Learn moreLaboratory Equipment
Opentrons Flex NGS Workstation
Automates liquid handling steps in NGS library preparation, delivering high precision and reproducibility across large sample batches while minimizing contamination risk and human error.
4150 Tapestation System
Enabling fragment analysis using the 4150 TapeStation System for DNA and RNA quality control prior to library preparation helps maximize sequencing output. The system operates automatically, minimizing manual intervention while providing excellent reproducibility for fragment size, concentration, and integrity assessment. Equipped with ScreenTape technology, it offers increased flexibility and scalability between tests while requiring only minimal nucleic acid input.

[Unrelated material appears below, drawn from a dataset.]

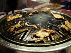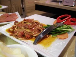 和朋友一行三人周五晚上去的他家,是团购的3人餐。去他家之前有好好做了下功课,但去了之后还是有些超出了我的预期,各方面都很好,团购真是很超值,所以他家在我这里评价很高。环境方面,他家很大,餐位没有摆的很满,显的很宽敞,吃烤肉也没有觉的味很大,不错;吃的方面,烤肉的质量都挺不错,够大片,吃起来很有肉感,其他的菜品质量也挺好,得特别说一下,他家的自助小料真好,选择不算多,但每种料都很有质量而且味道好,大爱他家的小料们;服务方面,他家的服务生都是会笑的呢,感觉真的很好,你提的要求,服务生们都是笑着答应,而且都迅速的给答复,不是敷衍的,有的服务生甚至觉的惟恐给我们的答复慢了,有些惶恐呢,反而我觉的有些不好意思了呢。总的来讲,这次团购探店很成功,以后还会考虑去他家的。纯果乐,原价5米。朋友的。尝了口,说不上是啥味,不是我喜欢的味道。立顿柠檬,原价5米。这是我的,就柠檬茶的味,把冰弄出去,味儿还挺浓的,是我喜欢的味道。原味烤羊肉,原价37米。肉肉看着不错呢。虽然团购上注着是原味羊肉,但这样看MS是略有腌过的。后来烤后沾着各种作料吃,都挺好吃,感觉肉肉质量挺好的。烤猪五花肉,原价35米。看着肥的好多,但这款很合我的意,我爱五花肉肥的部分烤的焦焦的,超好吃的。想到肥肥的五花肉烤到流油,之后焦焦干干的样子,口水啊。沾着他家的烤肉酱吃,都很好吃。特色烤牛肉,原价33米。感觉这个肉肉和羊肉的很相似,不过吃是可以吃出不同来的。这个应该是腌过的,下面还有浸出的汁料。也是挺好吃的,肉质不错。烤红薯片,原价10米。烤完有些透明的,甜滋滋的,挺好吃的。金针菇,团购上写的是烤平菇,给换成这个了,MS金针菇比平菇贵吧,赚了。他家金针菇比较细,很容易烤好,挺好。爽口泡菜,原价12米。这个菜是纯泡菜,而且有些咸,我就尝了下,朋友们也没怎么吃,浪费了,怪可惜了的。可汗烤肉饼,原价14米。这个应该是把烤好的肉夹里面一起吃的。没吃,这个不是我的菜,我是要直接吃肉的,那样才有肉感。朋友吃来着,据说还不错。烤馒头,2串,原价6米。看着不错,烤馒头加了孜然烤的,我喜欢。烤馒头黄橙橙的颜色,对我很有诱惑力,我居然破天荒的吃了半个,好吃,外面有些酥,里面的还软软的。送的卷肉生菜,就卷着肉吃了一次,不行,卷上生菜都没吃肉的感觉了。后来生菜我都是沾着麻酱吃的,烤肉还有麻酱料,牛吧,这回我吃小料吃爽了。送的辣椒圈+蒜片,都挺新鲜的,我是空口沾麻酱吃的,辣椒圈有点小辣,爽爽口,解解腻,挺管用的。小料自助里除了小料还有凉菜、薯片、玉米、水果啥的,选择没有很多,但都挺不错的。他家烤肉酱有几种:烤肉香辣酱,味还是挺浓的,里有肉有葱碎,有够辣味,还不刺激,我好爱,吃了两碗。烤肉酱,不辣的,朋友自己加了些辣椒油,辣度远没有香辣酱的辣,我尝了口,还是喜欢香辣酱,我是食辣滴。烤肉孜然干料,吃烤肉,我还是喜欢干料,没有很咸很辣,浓浓的孜然味。烤肉胡麻干料,这个料第一次见,得尝尝。胡麻干料味道于我来讲,略有些淡了,一般吧。烤肉特味酱,这个料也是第一次见,特味,光名字我就好奇了,到底特成啥味呢。没多取,我还是比较有数的,味道是挺特别的,说不上什么味,里面有肉酱,不是我喜欢的味道。麻酱料,是火锅酱类的,他家麻酱味调的挺好,没有很咸,可以多吃些也无妨。…查看更多

LightBench with Ranger Technology
An automated size-selection platform capable of accurately collecting DNA fragments of interest based on fragment length through specific markers within its gel cassette. Equipped with a real-time imaging system, the process can be monitored continuously and is also suitable for other fluorescence-based assays, including fragment length analysis. This system helps improve your sequencing efficiency.
Mupid exU Electrophoresis
A standard gel electrophoresis system used to separate nucleic acids based on size and charge through a gel matrix by applying the principle of ion migration. This method enables visualization of amplicon band fragments as a standard quality control step to ensure target amplification prior to sequencing, as well as for simple fragment analysis using a standard DNA ladder marker.
Qubit Fluorometer 4.0
The Qubit 4 Fluorometer accurately quantifies DNA and RNA prior to sequencing, ensuring the correct input concentration to prevent underloading and overloading. Using fluorophore-based chemistry that specifically binds to DNA or RNA, it provides higher sensitivity and minimizes contamination interference compared to UV absorbance methods, allowing reliable detection of low nucleic acid concentrations.
Ultra-micro Spectrophotometer
Purity assessment was performed using an ultra-micro spectrophotometer by evaluating absorbance ratios at specific wavelengths. This analysis ensures that nucleic acid samples contain minimal contaminants and sequencing inhibitors, helping improve library preparation performance, sequencing efficiency, and maximize overall data yield and quality.
Bioinformatics Computing Capacity
High Performance Computer
464 high-throughput vCPUs and 948 GB RAM distributed across dedicated HPC and workstation nodes. This infrastructure delivers the raw parallel processing power required to run the most complex, multi-stage genomics pipelines at scale.
Next-Gen GPU Acceleration
398 GB of dedicated VRAM optimized specifically for AI-driven genomics workloads. Every read is processed using state-of-the-art basecalling models, transforming raw sequencing signals into high-fidelity sequence data with maximum accuracy.
Enterprise Storage & Throughput
A 224 TB enterprise NAS with 10GbE connectivity and RAID redundancy serves as the central storage backbone connecting sequencing instruments, HPC nodes, and analysis workstations. This architecture enables high-speed data transfer, secure archiving, and real-time access to large genomic datasets.